If you like the trade-off between high risk and high reward, you might be considering buying shares of Carnival (CCL -6.82%) following its recent collapse. The cruise ship industry has been hit hard by the COVID-19 pandemic, which forced weeks of canceled trips and has temporarily halted vast swaths of the travel and vacation space.
The level of deep pessimism that has struck Carnival's shares can be fertile ground for market-beating returns over the long term. But there are some important things to know before you make an aggressive bet on the cruise ship leader.
Let's look at a few of the biggest.
Some reasons to buy
The good news is that Carnival is a strong business that isn't likely to be wiped out by the COVID-19 pandemic. It leads an industry that served 550 million people last year, up from 520 million in 2018 and 490 million in 2017. Carnival carried just under half of those passengers through its portfolio of brands that cover multiple pricing points -- from family-friendly Carnival to the premium Princess and Seabourn lines.
It's a powerful business model, too, that attaches on-board spending to ticket prices that are pushed higher through the combination of rising guest satisfaction and controlled capacity growth. These factors have helped keep operating income above $3 billion in each of the last two years, translating into a robust 15.7% operating margin in 2019 and an 18% operating margin in 2018.

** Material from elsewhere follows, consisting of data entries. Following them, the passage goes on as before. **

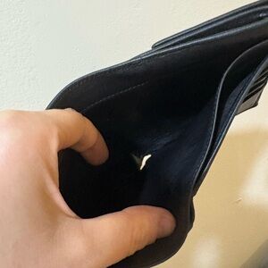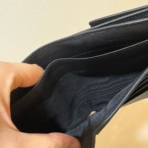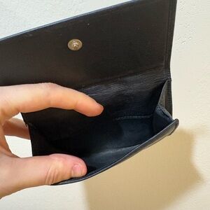 Sophisticated dark leather wallet. Features a sleek silver clasp. Ideal for daily essentials.
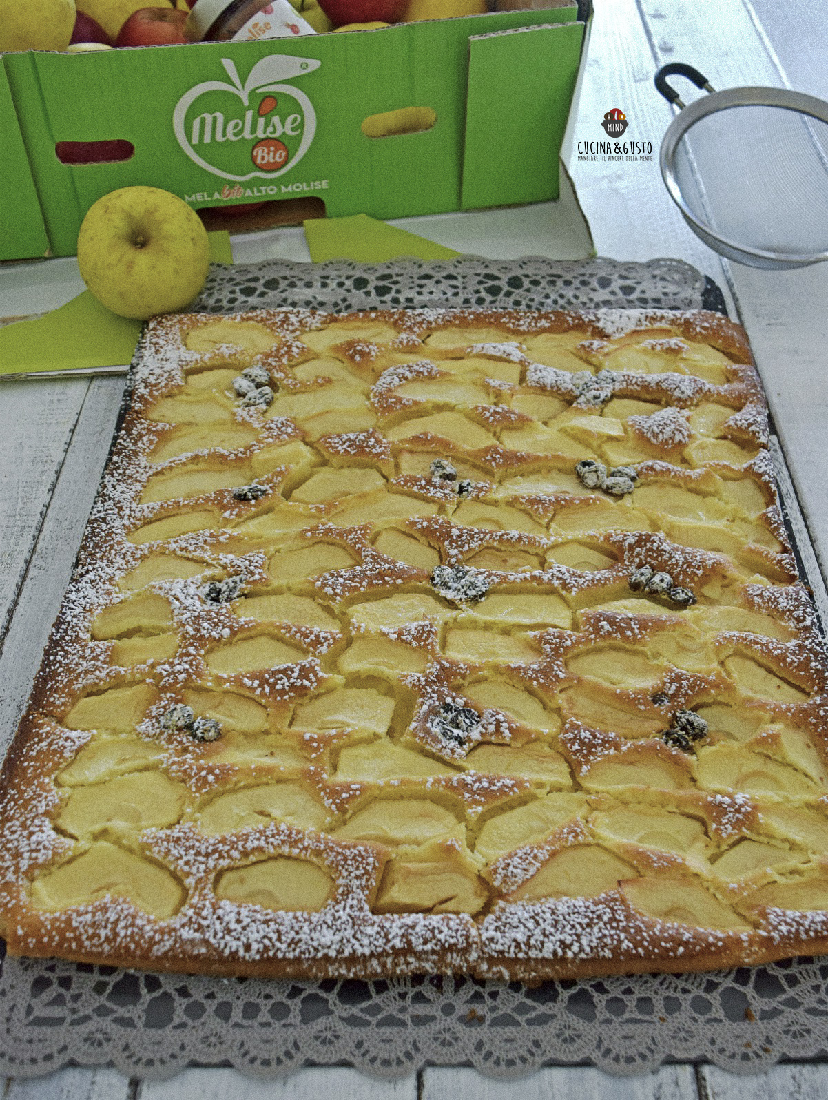 Le mele utilizzate per questa torta sono un prodotto di eccellenza dell’Azienda agricola Melise che dal 2003, si prefigge di recuperare i terreni in stato di abbandono o di semi-abbandono del comune di Castel del Giudice attraverso la coltivazione delle mele e di altre specie, la trasformazione, la commercializzazione e la valorizzazione in generale dei prodotti agricoli di qualità ottenuti attraverso un’attenta ed oculata gestione del territorio.
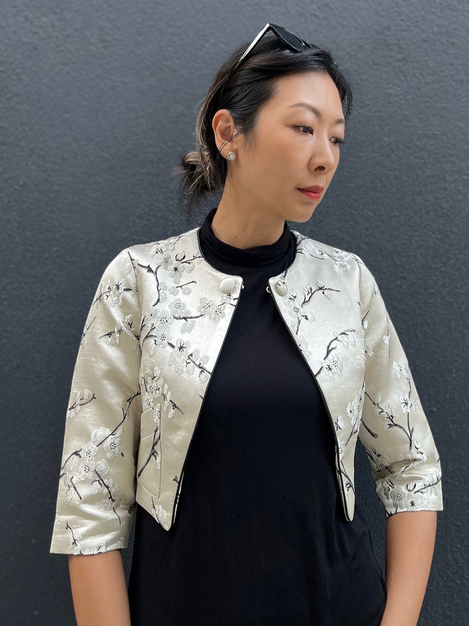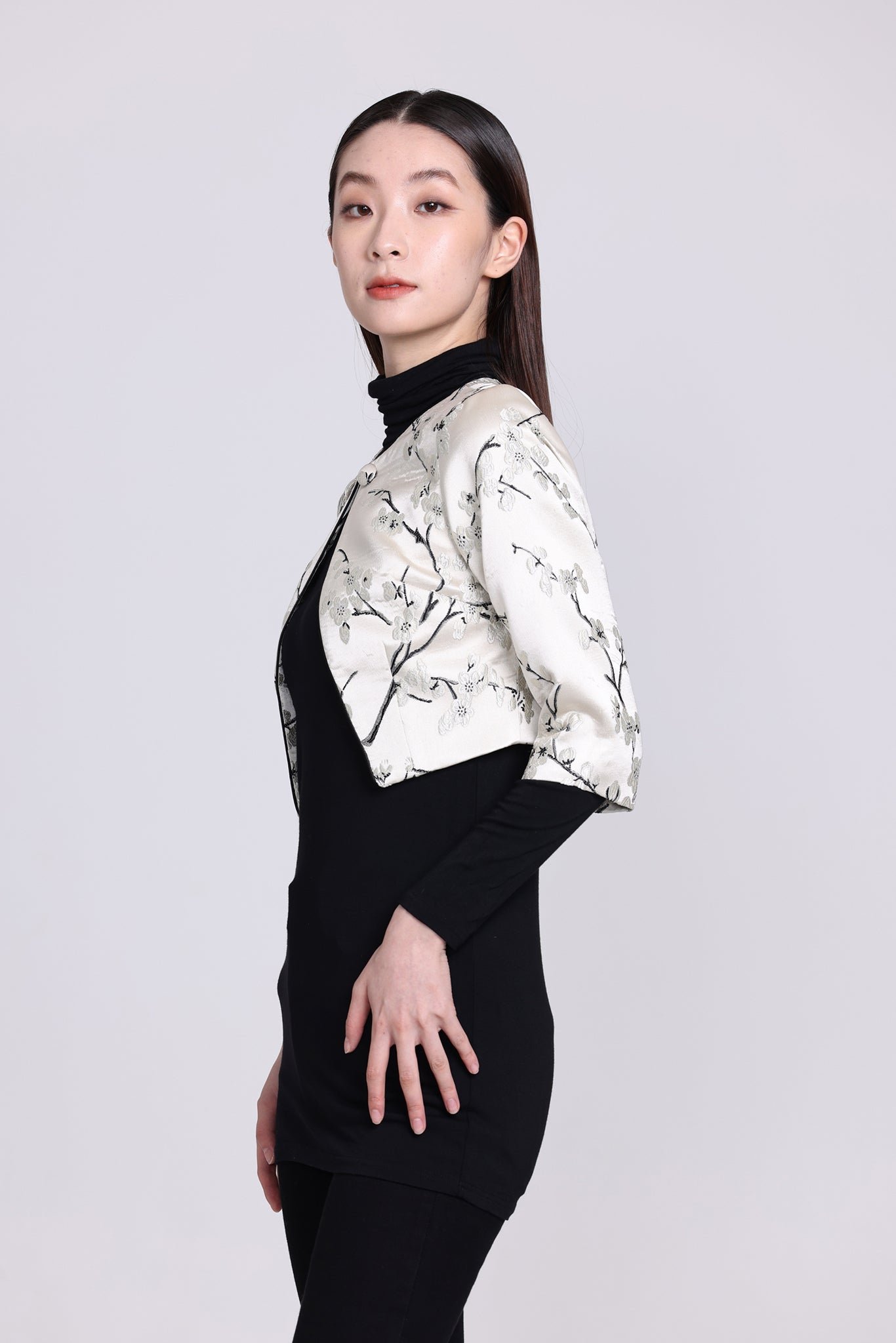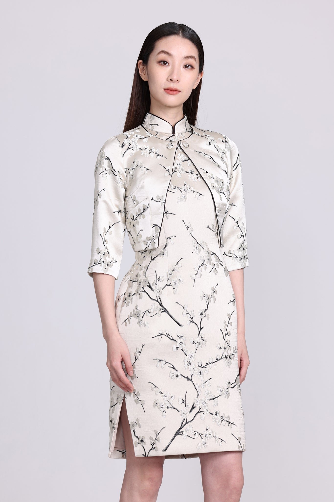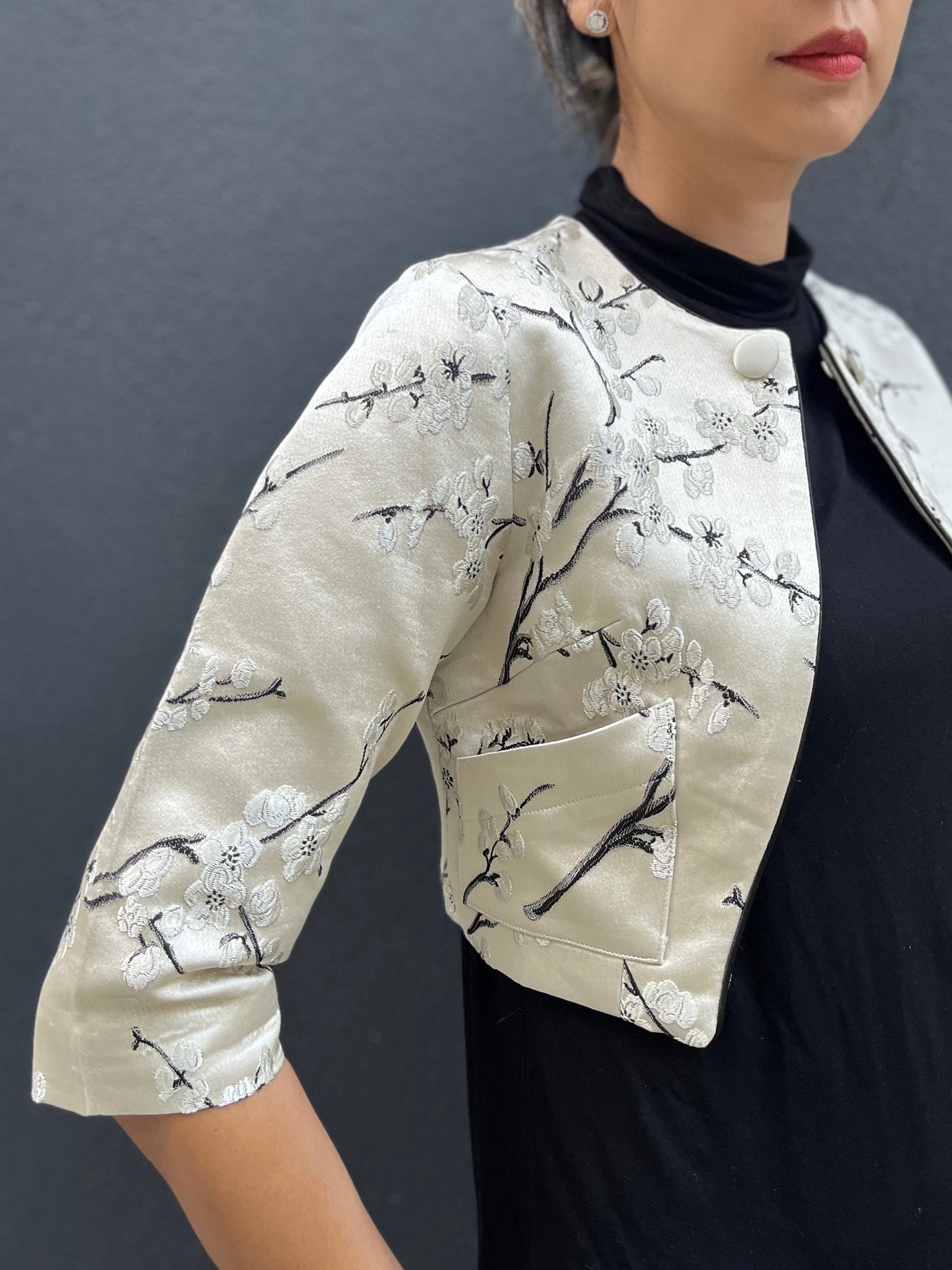 這款修身外套採用四分袖和短版剪裁 .展現時尚現代的風格。它採用東方梅花織錦面料製成 .為服裝增添了一絲優雅與文化氣息。可與PAMELA無袖旗袍搭配成套。

Meanwhile, the crisis that struck the business beginning in mid-March isn't threatening Carnival's ability to operate. There has been plenty of demand for the bonds it issued in recent weeks, which have added billions of dollars of additional cash to its balance sheet. For context, rival Royal Caribbean (RCL -7.19%) recently estimated that each month of paused services is burning through about $250 million in its business. Both companies have said that they expect a slow but steady rebound once travel restrictions are lifted.
Why it's a risky bet
While investors have a good reading on the financial stress currently hurting the business, the risks get bigger as you look further out. To start with, it's not clear when many of Carnival's ports will reopen for cruises, or what social-distancing guidelines will be like at that point.
In addition, most of the country lives more than a five-hour drive from a port, which makes flying a key support pillar for demand. If the airline industry stays grounded through 2020, that would add more pressure to Carnival's results and its finances.

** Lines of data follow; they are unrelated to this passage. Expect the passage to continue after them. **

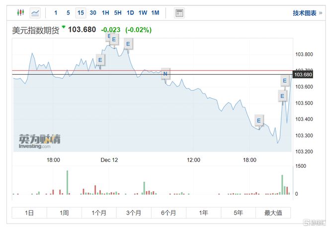 美元指数DXY持续反弹,较CPI数据公布后低点反弹超40点,现报103.68。
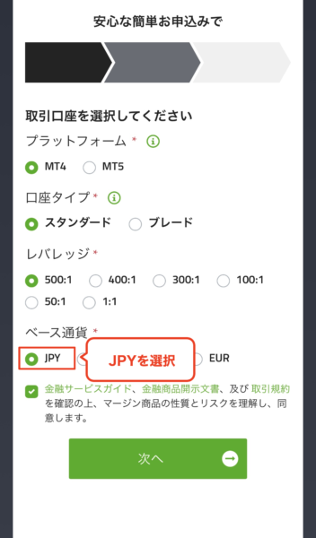 - こだわりがなければ、「JPY(日本円)」を選択しましょう
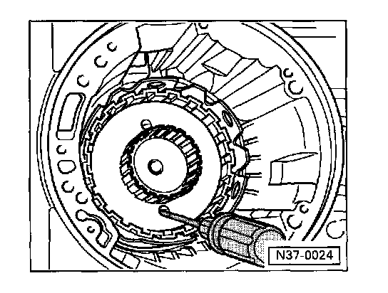 If the planet carrier has been adjusted with reverse gear brake -B1 and free wheel removed, then install reverse gear brake -B1- before installing planet carrier
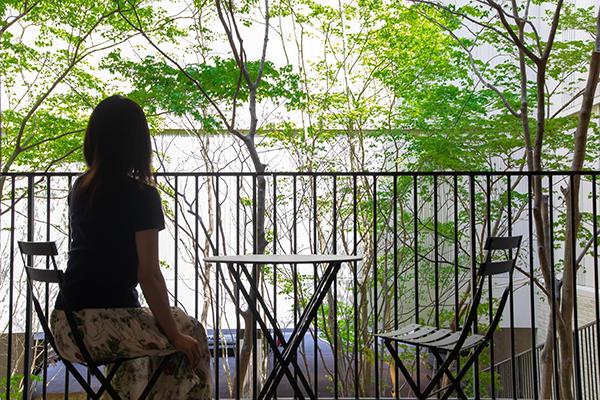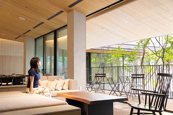 ロビーはベージュを基調に、木のぬくもりあるインテリアでまとめられ、ほっとくつろげる雰囲気。足元まである大きなガラス窓からテラスはひと続きで、日本建築独特の“縁側”のエッセンスを取り入れて設計されています。
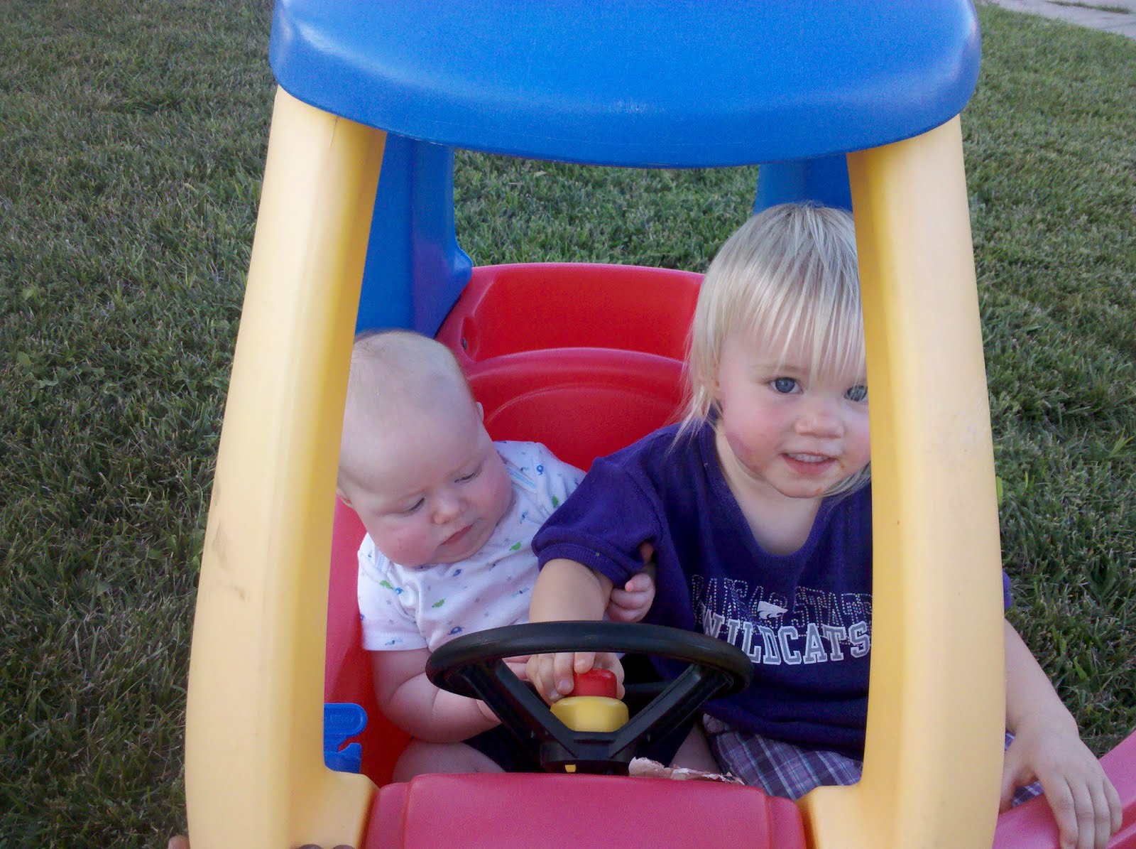 When she gave it to us I showed it to Saffryn. I told her she and Pierce could ride in it together. She got SO excited and started happily screaming "Pierce together. Pierce together!!!!" It was so sweet. But what is even sweeter is seeing these two cuties actually riding together!

There are bigger-picture stresses to consider, too, such as the overcapacity problem that could plague the industry into 2021 and beyond. Peers like Royal Caribbean and Norwegian Cruise Lines (NCLH -9.55%) will be looking to reduce their volume of cabins while also aiming to keep their ships operating efficiently.

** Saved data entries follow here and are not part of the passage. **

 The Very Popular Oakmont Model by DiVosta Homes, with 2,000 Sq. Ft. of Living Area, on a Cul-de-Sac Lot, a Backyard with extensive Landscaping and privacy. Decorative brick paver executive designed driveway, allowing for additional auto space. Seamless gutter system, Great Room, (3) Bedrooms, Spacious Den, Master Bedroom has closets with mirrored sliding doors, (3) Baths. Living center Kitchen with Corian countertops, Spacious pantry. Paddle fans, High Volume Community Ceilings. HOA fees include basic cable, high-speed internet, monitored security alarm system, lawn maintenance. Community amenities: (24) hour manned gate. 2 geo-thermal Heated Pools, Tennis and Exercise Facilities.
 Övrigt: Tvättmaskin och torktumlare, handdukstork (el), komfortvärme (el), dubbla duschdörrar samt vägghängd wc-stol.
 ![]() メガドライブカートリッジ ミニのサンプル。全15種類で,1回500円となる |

Then there are the risks around additional global virus outbreaks or a steep recession. Either of these events would significantly harm Carnival's earnings potential while magnifying its other operating challenges.
Waiting is an option
None of the issues outlined above mean Carnival is a bad investment or that the stock can't surge to new highs once the COVID-19 threat abates. It was a good business operating in a lucrative industry before the pandemic hit, and those factors should still be true a decade from now.
But the biggest thing keeping this from being an attractive millionaire-maker stock is the sheer volume of the unknowns. If you can't reasonably estimate what the cruise giant's business will look like in six months or even two years, then the stock is better off sitting in the "too hard" pile for now. The COVID-19 pandemic has raised fundamental questions about the strength of the cruise industry, so investors should wait for more clarity before buying Carnival stock in hopes of seeing a quick rebound.